Task item:
In the entries below, find the line with "-Conforto: As Sandálias" and the line with "Ich habe eine"; give again those lines and every line between them, exactly.

Record extracts:

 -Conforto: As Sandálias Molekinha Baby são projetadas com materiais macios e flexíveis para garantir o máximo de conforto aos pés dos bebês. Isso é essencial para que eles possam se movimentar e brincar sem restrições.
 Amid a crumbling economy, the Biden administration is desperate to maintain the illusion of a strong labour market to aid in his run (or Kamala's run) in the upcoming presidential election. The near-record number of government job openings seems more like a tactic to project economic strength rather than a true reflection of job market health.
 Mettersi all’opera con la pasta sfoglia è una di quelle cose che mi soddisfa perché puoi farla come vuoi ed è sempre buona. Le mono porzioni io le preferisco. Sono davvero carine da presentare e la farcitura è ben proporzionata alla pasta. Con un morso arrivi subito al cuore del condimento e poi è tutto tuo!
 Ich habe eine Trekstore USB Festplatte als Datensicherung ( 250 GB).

---

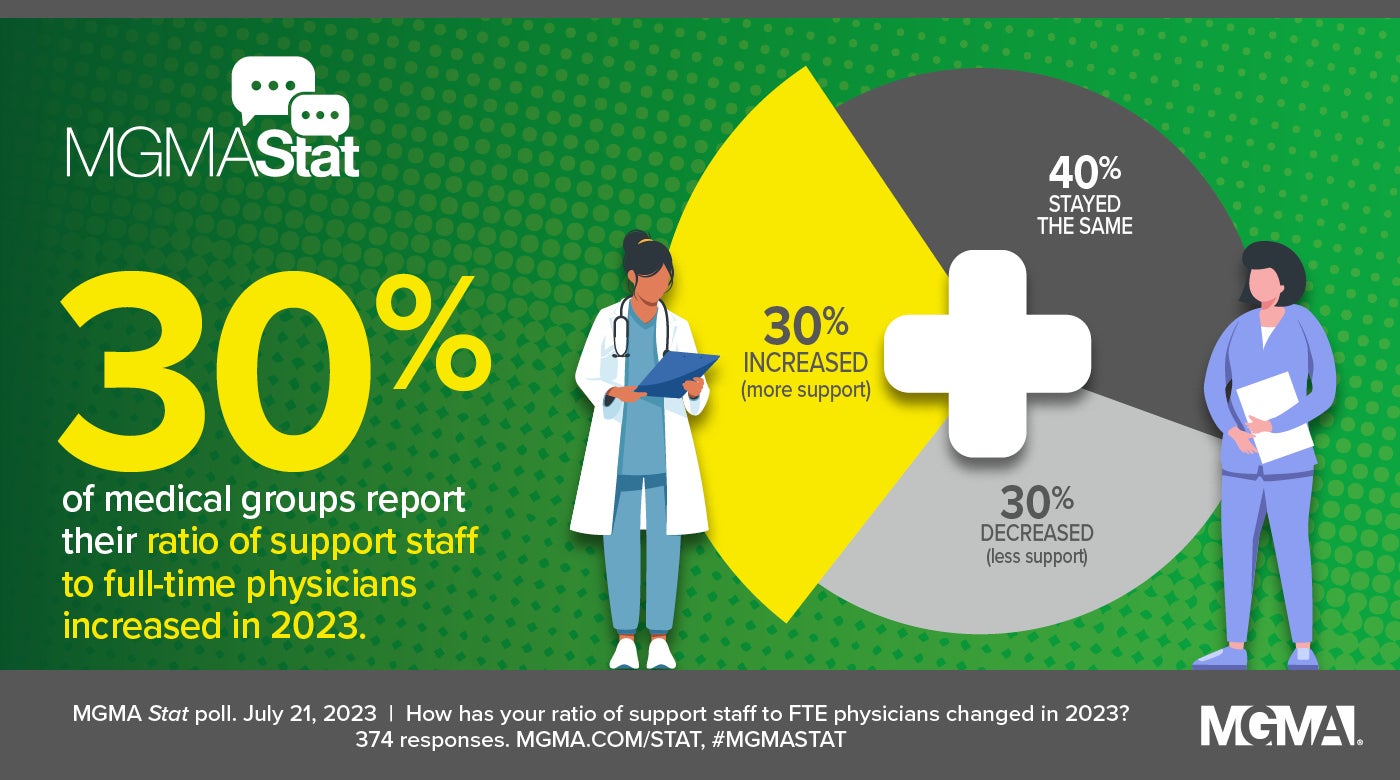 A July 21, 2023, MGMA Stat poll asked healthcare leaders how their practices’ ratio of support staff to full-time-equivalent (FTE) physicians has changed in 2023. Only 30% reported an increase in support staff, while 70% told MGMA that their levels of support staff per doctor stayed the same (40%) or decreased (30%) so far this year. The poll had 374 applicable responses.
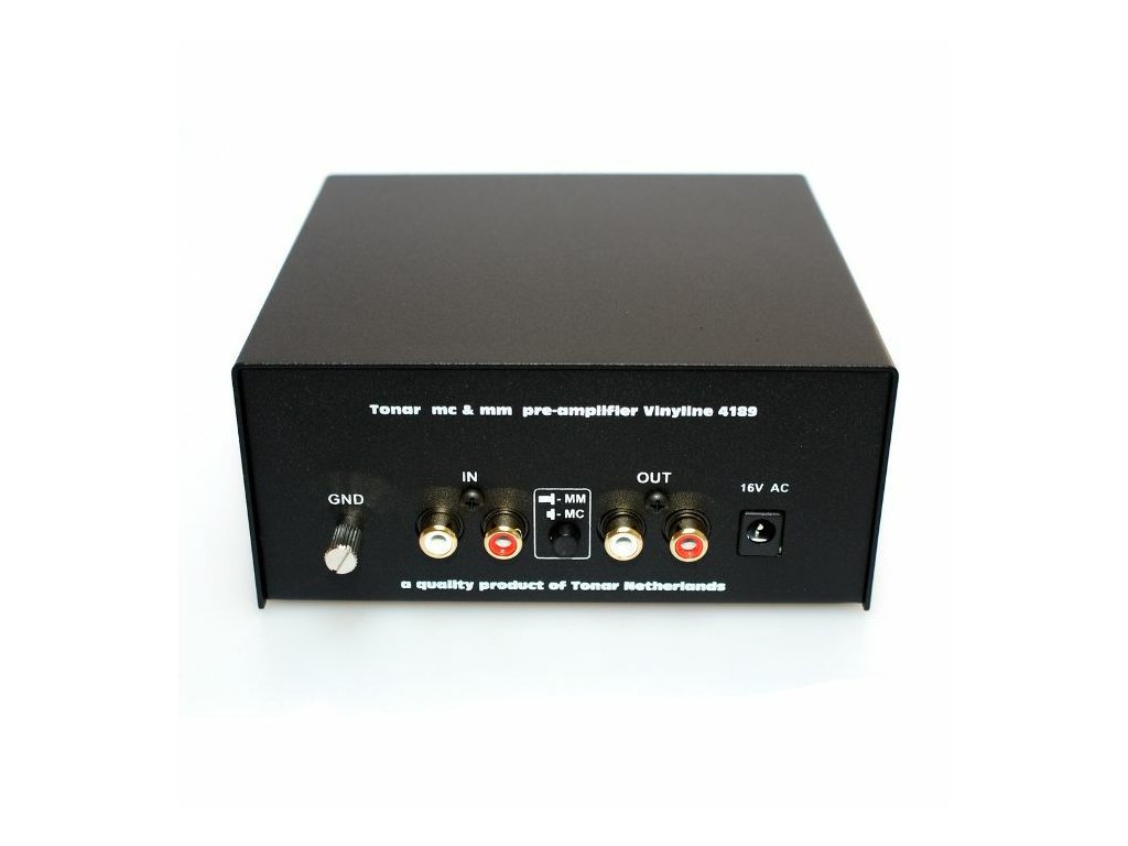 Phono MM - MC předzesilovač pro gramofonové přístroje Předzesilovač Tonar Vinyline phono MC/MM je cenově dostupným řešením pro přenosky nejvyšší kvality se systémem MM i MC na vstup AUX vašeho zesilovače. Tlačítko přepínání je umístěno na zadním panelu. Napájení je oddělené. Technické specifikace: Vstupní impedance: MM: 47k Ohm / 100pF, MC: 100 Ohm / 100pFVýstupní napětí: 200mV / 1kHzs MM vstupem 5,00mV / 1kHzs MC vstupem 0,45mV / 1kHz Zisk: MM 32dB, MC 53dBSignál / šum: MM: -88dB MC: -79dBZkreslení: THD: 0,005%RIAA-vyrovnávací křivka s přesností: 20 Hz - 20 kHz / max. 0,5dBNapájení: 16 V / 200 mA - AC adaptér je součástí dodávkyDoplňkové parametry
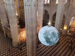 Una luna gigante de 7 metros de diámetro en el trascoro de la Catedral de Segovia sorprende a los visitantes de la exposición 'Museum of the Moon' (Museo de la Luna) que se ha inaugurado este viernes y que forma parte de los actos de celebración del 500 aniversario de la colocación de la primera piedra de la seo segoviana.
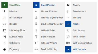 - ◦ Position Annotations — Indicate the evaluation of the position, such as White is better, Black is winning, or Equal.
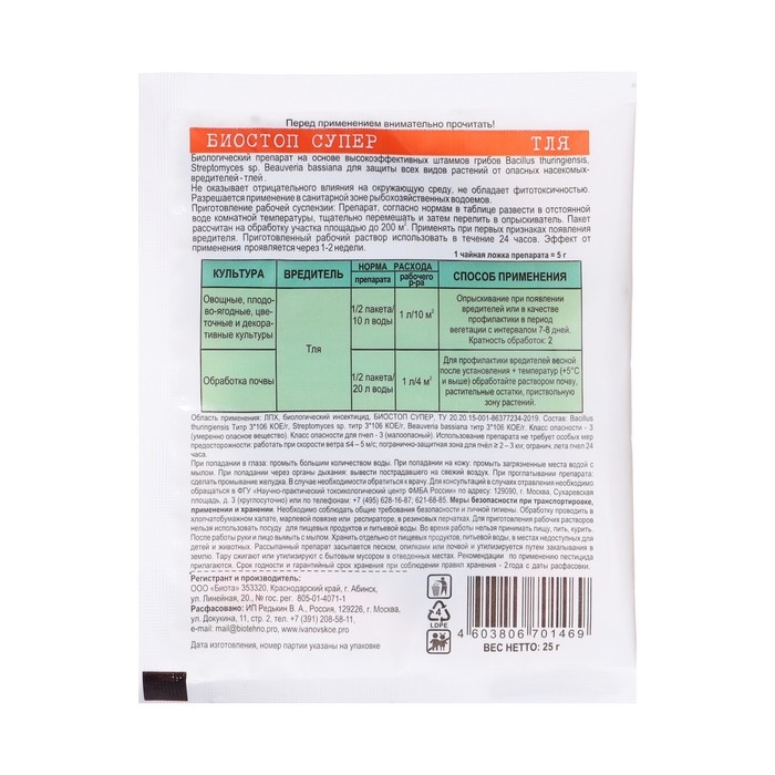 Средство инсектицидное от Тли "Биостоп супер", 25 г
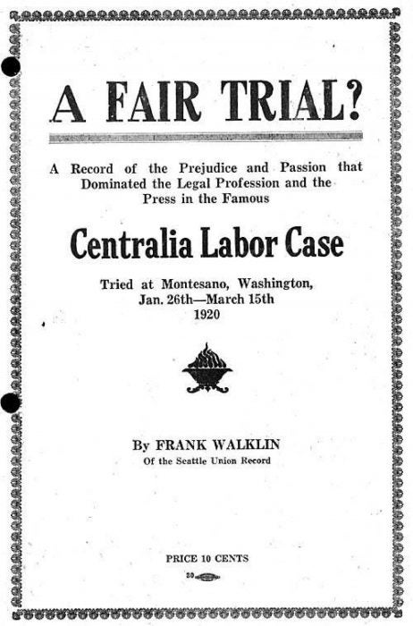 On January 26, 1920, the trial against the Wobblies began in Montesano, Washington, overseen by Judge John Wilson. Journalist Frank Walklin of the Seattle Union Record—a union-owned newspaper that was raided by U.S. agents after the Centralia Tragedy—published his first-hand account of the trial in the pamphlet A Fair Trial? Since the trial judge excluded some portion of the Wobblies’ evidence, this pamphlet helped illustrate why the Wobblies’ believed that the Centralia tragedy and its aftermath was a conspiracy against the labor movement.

Exercise answer:
 -Conforto: As Sandálias Molekinha Baby são projetadas com materiais macios e flexíveis para garantir o máximo de conforto aos pés dos bebês. Isso é essencial para que eles possam se movimentar e brincar sem restrições.
 Amid a crumbling economy, the Biden administration is desperate to maintain the illusion of a strong labour market to aid in his run (or Kamala's run) in the upcoming presidential election. The near-record number of government job openings seems more like a tactic to project economic strength rather than a true reflection of job market health.
 Mettersi all’opera con la pasta sfoglia è una di quelle cose che mi soddisfa perché puoi farla come vuoi ed è sempre buona. Le mono porzioni io le preferisco. Sono davvero carine da presentare e la farcitura è ben proporzionata alla pasta. Con un morso arrivi subito al cuore del condimento e poi è tutto tuo!
 Ich habe eine Trekstore USB Festplatte als Datensicherung ( 250 GB).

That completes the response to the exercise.